▶ **REQUIRED ACTION**
A word-for-word copy of the entries is needed, and it should contain no images.

━━━ PROVIDED MATERIAL

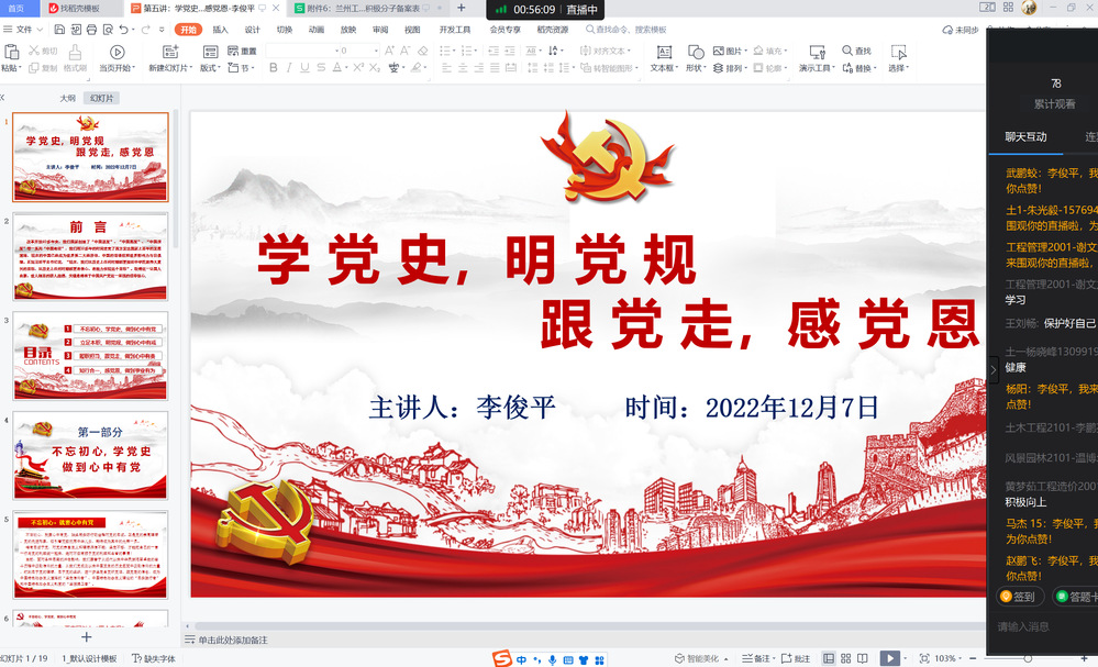 土木工程学院党总支书记陈志昊同志主持开班仪式,为大家宣讲党的二十大精神、开展《当代大学生党员的责任与使命》培训。党政秘书兼学生第二党支部书记魏婕同志进行深刻把握新时代党支部建设新要求——《中国共产党支部工作条例(试行)》解读。团总支书记兼学生第一党支部书记成志军同志开展《百年党史告诉我们“六个为什么”》专题培训。教工党支部宣传委员李俊平同志开展《学党史 明党规 跟党走 感恩党》培训。此外,各党小组组织大家观看《入党》动漫片、《榜样5》及《厉害了,我的国》,集中学习了《土木工程学院党总支关于加强所属基层党支部标准化建设的实施意见》兰工商土木党发〔2022〕12号文件。为提高学习效果,要求学员在学习的同时,认真撰写自学心得和学习笔记,并督促加强对学习强国和甘肃党建等学习平台的使用。
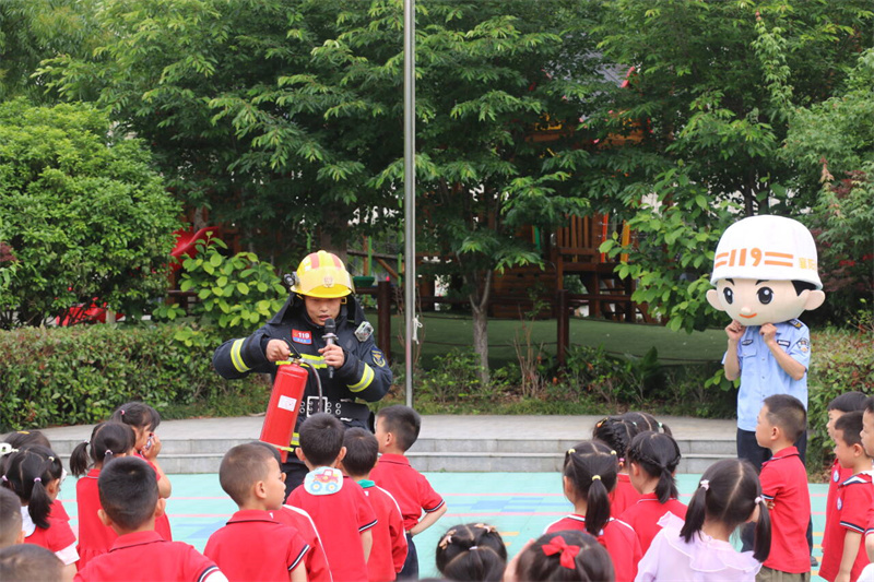 演练结束后,消防员针对孩子们年纪小、好奇心强、活泼好动的特点,通过互动问答形式对火灾的危害、生活中如何预防火灾、如何逃生自救、如何正确拨打119火灾电话、如何使用灭火器等消防安全知识进行了讲解。同时为幼儿园教职工做了一个简短的消防培训,教授他们灭火器的用法及操作顺序。
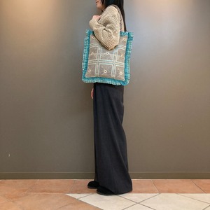 Bindu【ビンドゥ】 Crochet Jacquard Frill Tote(BBB-2166 SAX/GRAY)
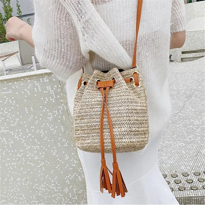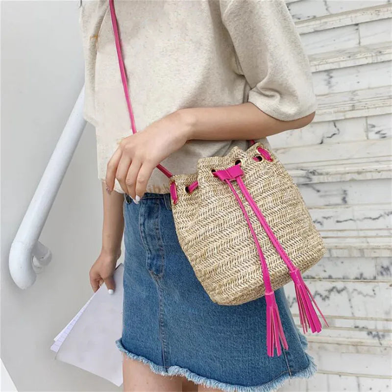 Stay stylish this summer with our retro drawstring bucket bag featuring tassel details. This handbag is perfect for everyday use, whether you carry it by the handle or sling it over your shoulder.
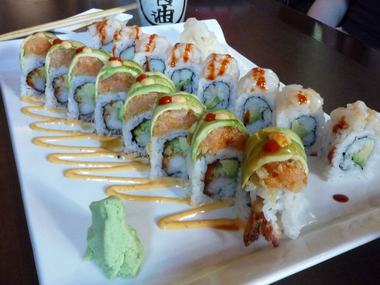 (Front) Summer Roll – Prawn tempura, masago, and cucumber, topped with tuna crunch avocado, sweet soy and spicy mayo.

━━━━━━

▶ **FINISHED TASK**
 土木工程学院党总支书记陈志昊同志主持开班仪式,为大家宣讲党的二十大精神、开展《当代大学生党员的责任与使命》培训。党政秘书兼学生第二党支部书记魏婕同志进行深刻把握新时代党支部建设新要求——《中国共产党支部工作条例(试行)》解读。团总支书记兼学生第一党支部书记成志军同志开展《百年党史告诉我们“六个为什么”》专题培训。教工党支部宣传委员李俊平同志开展《学党史 明党规 跟党走 感恩党》培训。此外,各党小组组织大家观看《入党》动漫片、《榜样5》及《厉害了,我的国》,集中学习了《土木工程学院党总支关于加强所属基层党支部标准化建设的实施意见》兰工商土木党发〔2022〕12号文件。为提高学习效果,要求学员在学习的同时,认真撰写自学心得和学习笔记,并督促加强对学习强国和甘肃党建等学习平台的使用。
 演练结束后,消防员针对孩子们年纪小、好奇心强、活泼好动的特点,通过互动问答形式对火灾的危害、生活中如何预防火灾、如何逃生自救、如何正确拨打119火灾电话、如何使用灭火器等消防安全知识进行了讲解。同时为幼儿园教职工做了一个简短的消防培训,教授他们灭火器的用法及操作顺序。
 Bindu【ビンドゥ】 Crochet Jacquard Frill Tote(BBB-2166 SAX/GRAY)
 Stay stylish this summer with our retro drawstring bucket bag featuring tassel details. This handbag is perfect for everyday use, whether you carry it by the handle or sling it over your shoulder.
 (Front) Summer Roll – Prawn tempura, masago, and cucumber, topped with tuna crunch avocado, sweet soy and spicy mayo.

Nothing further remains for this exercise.